I follow the approach suggested by Alex, which was taken from the Mathematica documentation of ImageForwardTransformation. But the required explanation and changes to produce an actual fisheye view are too extensive to be included in a comment, so I write them here.

As mentioned in my comment to Alex's answer, the key is to use as the radial coordinate of the ImageForwardTransformation the angles between the objects in the scene, as seen from the observer. This would produce the ideal and most common fisheye view, which is the equidistant, or equiangle, fisheye. But other fisheye formulas can be used by simply replacing the angle with a function of angles.

The key is then to obtain angles to the centre of the view for the pixels in a Mathematica image.

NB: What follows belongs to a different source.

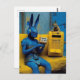 Arte estranha e excêntrica gerada por IA em tons de azul e amarelo coelhos em uma fábrica abandonada

Mathematica uses standard perspective for which is easy to show (see figure below) that the angles are given by theta = ArcTan[R/d].

enter image description here

But to obtain proper angles from the image pixel units one has to consider the definition of ViewPoint and the bounding box of the Graphics3D object:

ViewPoint -> {x,y,z} gives the position of the view point relative to the center of the three‐dimensional box that contains the objects.

The view point is given in a special scaled coordinate system in which the longest side of the bounding box has length 1. The centre of the bounding box is taken to have coordinates {0,0,0}.

Other key steps for the fisheye view are (i) to place the ViewPoint orthogonal to the bounding box (two ViewPoint coordinates have to be zero), (ii) as close as possible (but at a finite distance) to the nearest side of the box and (iii) with ViewAngle -> All. This will produce an extremely distorted view, for a field of view close to 180 degrees, which can then be remapped into a fisheye view.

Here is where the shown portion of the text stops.